И ведь каждый из этих бедняг воображает, что она именно для него так старается. И каждый из них обожает ее, отчасти потому, что больные всегда начинают испытывать нежные, благодарные чувства к самой заботливой, самой обязательной из сиделок, отчасти потому, что привыкают к ней. Или потому, подумал угрюмо Керни, что они такие же глупцы, как он сам, раз попали в сети, как сказала Арабелла, этой всеобщей любимицы.

Образ Лейлы вкрался в его сознание и вызвал воспоминание о другой сиделке, тоже обожаемой всеми, работавшей в старом лондонском госпитале, где он стажировался, будучи студентом. Уже тогда ей было далеко за тридцать. Вполне привлекательная женщина, хотя и не такая «сладкая штучка», как Лейла, если употребить это гнусное выраженьице. И все же…

Он закрыл глаза, вспоминая… Ему очень не хотелось, чтобы Лейла кончила, как та женщина. Она так и не вышла замуж. Любимая всеми, она умерла на дежурстве, выхаживая тяжелого больного. Что, Лейла тоже собирается умереть на дежурстве? Или у кого-то хватит ума уговорить ее выйти за него замуж, пока она еще достаточно молода и привлекательна и еще не поздно оторвать ее от тягот больничной жизни?

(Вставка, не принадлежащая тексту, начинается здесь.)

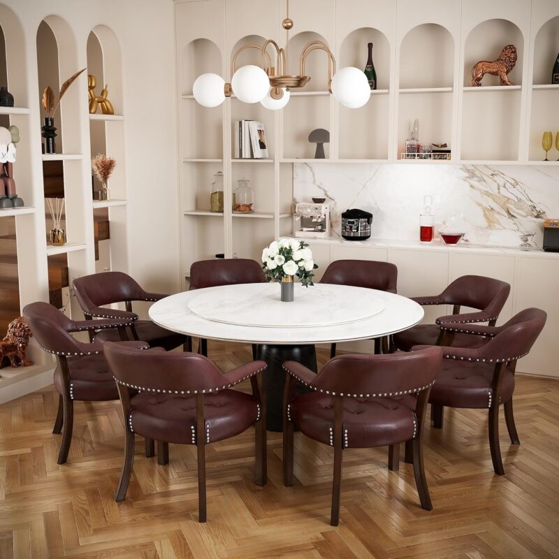 Tattva Woods Arm Dining Chairs with Upholstered and Arms,Office Desk Chair with Metal Rivets. PU Boss Captain’s Chairs,Classic Accent Stools for Dining Room, Bedroom Brown Legs & Wine Red NX173-318WR

Он отвел глаза от звездного неба и потянулся за книгой. Отвлечься, не думать о Лейле Ричмонд. О маленькой Ричи, как ее назвал его зять…

— Ричи! — шептали мужчины, когда Лейла совершала свой обход.

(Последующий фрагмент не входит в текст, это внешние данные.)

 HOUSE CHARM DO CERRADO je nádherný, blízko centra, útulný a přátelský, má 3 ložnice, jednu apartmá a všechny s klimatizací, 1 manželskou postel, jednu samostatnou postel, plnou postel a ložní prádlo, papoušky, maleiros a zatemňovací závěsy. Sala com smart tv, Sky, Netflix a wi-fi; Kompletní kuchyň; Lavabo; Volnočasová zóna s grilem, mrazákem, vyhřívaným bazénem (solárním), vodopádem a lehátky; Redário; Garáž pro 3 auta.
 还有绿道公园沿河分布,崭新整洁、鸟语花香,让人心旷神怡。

Мысли ее были с Керни Холдстоком, но нужды больных временно вытеснили их из ее головы, пока она не подошла к постели Джефри Филби.

— Хотел спросить, как там Кристин? — прошептал он.

— Можете о ней не волноваться. С ней все в порядке, — уверенно ответила Лейла.

— Откуда вы знаете? Вы ее видели? — настаивал он.

— С тех пор как мы нашли ее — нет, — призналась она. — Но когда мы оставили ее у миссис Таппенден, все было хорошо.

— Мы? С вами был кто-то еще?

— Мистер Холдсток. А теперь вам надо поспать.

— Мне до сих пор не верится. Когда мне рассказали, я решил, что тут какая-то ошибка, — взволнованно сказал он. — С какой стати вам было брать на себя все эти хлопоты о Кристин?

— А вы как думаете? — засмеялась Лейла. Она просто имела в виду, что раз ребенок оказался в такой ситуации, то любой бы взял на себя хлопоты, чтобы ему помочь, но Филби неправильно истолковал ее слова.

— Я не смел надеяться… — прошептал он и, взяв ее руку, прижал к губам.

— Мистер Филби! — прошептала Лейла. — Вы меня шокируете. Вы не должны так делать.

— Почему? — спросил он.

Лейла попыталась перевести все в шутку.

— Правило гласит, что пациенты-мужчины не должны смущать и сбивать с толку нас, бедных сиделок, таким вот образом. А теперь давайте спать.

— Но я не пытаюсь сбить вас с толку, Ричи, — проговорил он очень серьезно. — Вы это и сами знаете. Я просто хотел показать вам, что разделяю ваши чувства ко мне. Вы не могли этого не заметить! Вы все верно поняли, иначе не стали бы прилагать столько усилий, чтобы помочь мне!